As you would expect, math people are numbers people. They find more beauty in the consistent and proven logical laws that govern mathematics than the written word, which is so much more subjective. There are not many majors under the umbrella of mathematics, but a few include applied mathematics, computational mathematics, statistics, and general mathematics. Having a math degree under your belt tells your employers, "I am a problem solver; I am fully proficient in finding answers to complex problems." There are many jobs where it would benefit you to have a thorough background in mathematics and others where it is absolutely critical. For example, a sound math background is necessary in occupations in computer science, engineering, science, and accounting, which is why many people who major in these areas choose to at least minor in mathematics.
In an age where innovation is king, mathematicians are put to use in the real world to solve a number of problems in different fields. For instance, people use math and statistics to help airlines maximize profits by predicting how many vacancies are likely to be on an airplane on a given flight. This lets the airline purposefully overbook, but not to the point where there are no seats left for those who paid for them.
According to the Bureau of Labor Statistics (BLS), the majority of math occupations require at least a bachelor’s or master’s degree. Hence, it is no surprise that many interested in a mathematical career seek online degree programs in math. Though math degrees are available at any level from many schools with online degree programs, bachelor’s and master’s degrees are the most commonly sought given industry education requirements.
The Online Math Degree Program Experience
Online degree programs in various mathematical disciplines provide busy adults with the opportunity to gain an education, a higher paying job, and a higher ranking professional position. Typically, they entail an online portal in which students can access all of their courses’ materials, assignments, peers, and instructors. Courses can be synchronous, meaning students and instructors have pre-scheduled times to meet online, or asynchronous, meaning students independently watch online lectures and study at their leisure.
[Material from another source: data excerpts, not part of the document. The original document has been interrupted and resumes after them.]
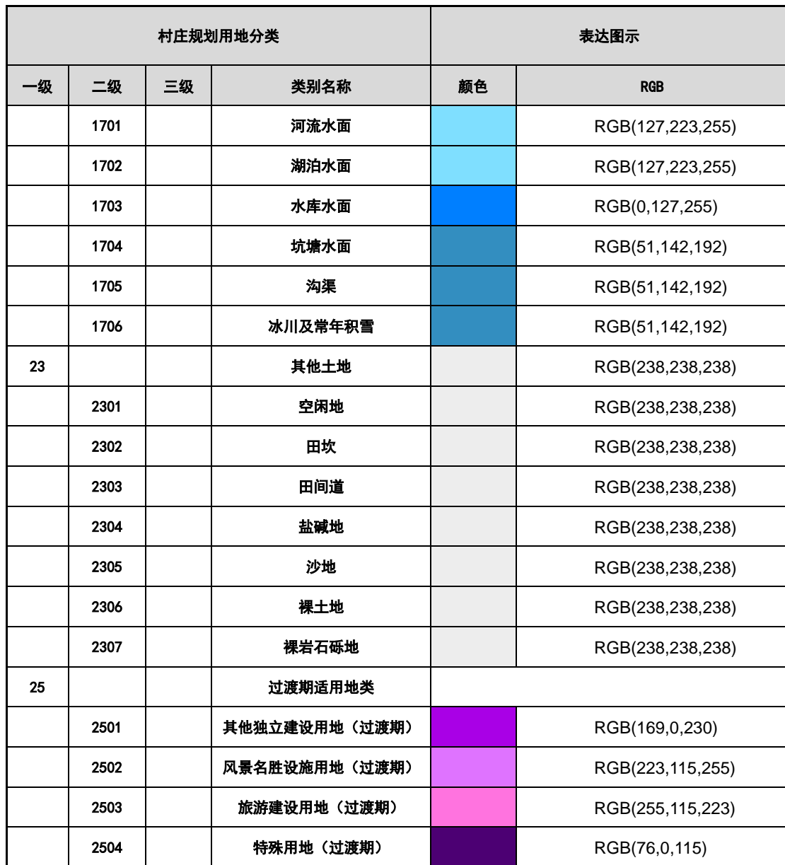
表 A-2 其他要素配色指引表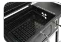
Διάτρητη πλάκα εμαγιέ με 6 ρυθμιζόμενες θέσεις ύψους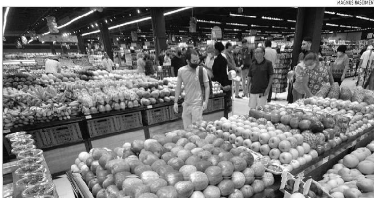
Levantamento do IBGE mostra que os gastos das famílias com alimentação e bebidas tiveram elevação de 0,54% em novembro

A pesquisa mostra que oito dos nove grupos de produtos e serviços que integram o IPCA-15 registraram altas de preços em novembro. O único grupo com estabilidade foi Comunicação (0,00%). Nos demais grupos houve inflação: Transportes (0,49%, impacto de 0,10 ponto porcentual), Artigos de Residência (0,54%, impacto de 0,02 p.p.), Habitação (0,48%, impacto de 0,07 p.p.), Vestuário (1,48%, impacto de 0,07 p.p.), Educação (0,05%, impacto de 0,00 p.p.), Despesas Pessoais (0,27%, impacto de 0,03 p.p.), Saúde e Cuidados Pessoais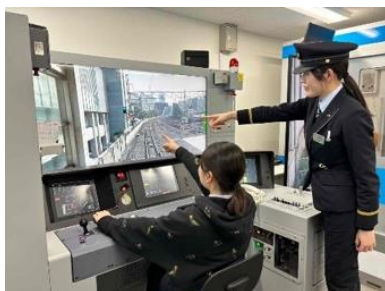
運転士シミュレータ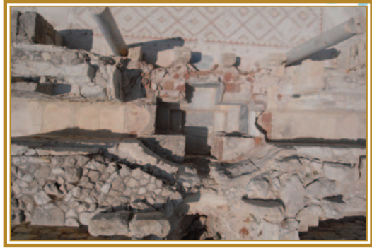
Βασιλικὴ Κουρίου, βαπτισματικὴ κολυμβήθρα

ἀπὸ τοὺς Ἀποστόλους Βαρνάβα καὶ Μάρκο: ὑπογραμμίζεται ὁ πόθος, ἡ πίστις καὶ ὁ ζήλος του γιὰ τὸν Χριστό, ἡ κατήχησις πὺν λαμβάνει καὶ ἡ βάπτισις στὸ ὕδωρ τῆς πηγῆς εἰς τὸ ὄνομα τῆς Ἁγίας Τριάδας, καὶ τέλος ἡ μετάδοσις τοῦ Ἁγίου Πνεύματος μὲ ἐπίθεσις τῶν χειρῶν τοῦ Ἀποστόλου. 35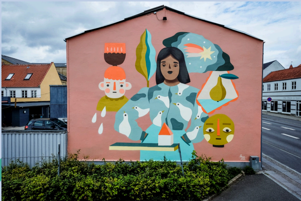
Værk: Fru Isa, Allegade 67 (2021)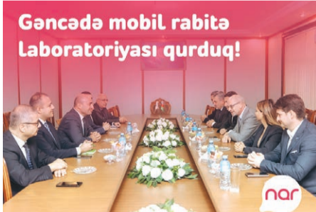
Gəncədə mobil rabitə laboratoriyası qurduq!

Laboratoriyanın açılışı zamanı "Nar" in (Azerfon MMC) baş icraçı direktoru Qunnar Panke bildirib: "Bu laboratoriya "Nar" olaraq, bölgələri diqqətdə saxlamağımızın növbəti nümunəsidir. Texnoloji tərəqqi ilə ayaqlaşan biznes olaraq,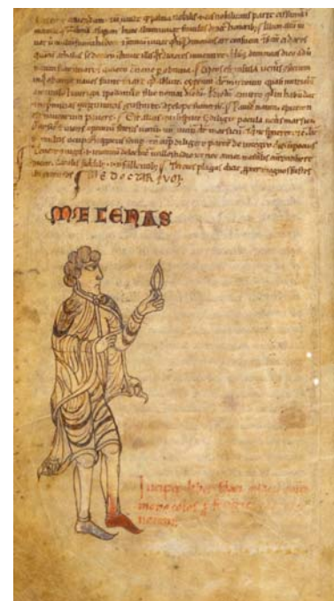
Auszug aus Horaz' „Carmen saeculare“.

Den Anbruch der neuen Epoche verkündet Augustus 17 v. Chr., als ein Komet am Himmel erscheint. Mehrtägige Feierlichkeiten heißen das neue Zeitalter willkommen. Der Herrscher lässt Horaz zu diesem Anlass ein Preisgedicht – das „Carmen saeculare“ – verfassen, in dem der Autor die Fruchtbarkeit und Fülle bringende Glückszeit mit den wiederkehrenden republikanischen Tugenden verbindet.

Two of the most common mathematics majors are applied mathematics and statistics. Statistics majors study core mathematics like calculus, but they also take courses in technical writing, theories of probability, sample survey theory, computer science, and statistical methods. Applied mathematics, on the other hand, teaches students to use math to solve problems in other disciplines, including science, technology, economics, business, and medicine. Applied mathematics majors take courses in physics, calculus, differential equations, computer theory and science, linear algebra, algorithms, systems design, and theoretical statistics. This major is popular because numbers junkies find these options to be the perfect mix of pure math and its application.
All levels of mathematics education require students to demonstrate their understanding of multifaceted math concepts through assignments and projects. Students in advanced postsecondary programs, however, will be required to complete more complex and time-consuming assignments and projects. For example, online masters degree programs often require their students to complete a capstone project, or a thesis that analyzes and attempts to solve a common issue within the mathematics field.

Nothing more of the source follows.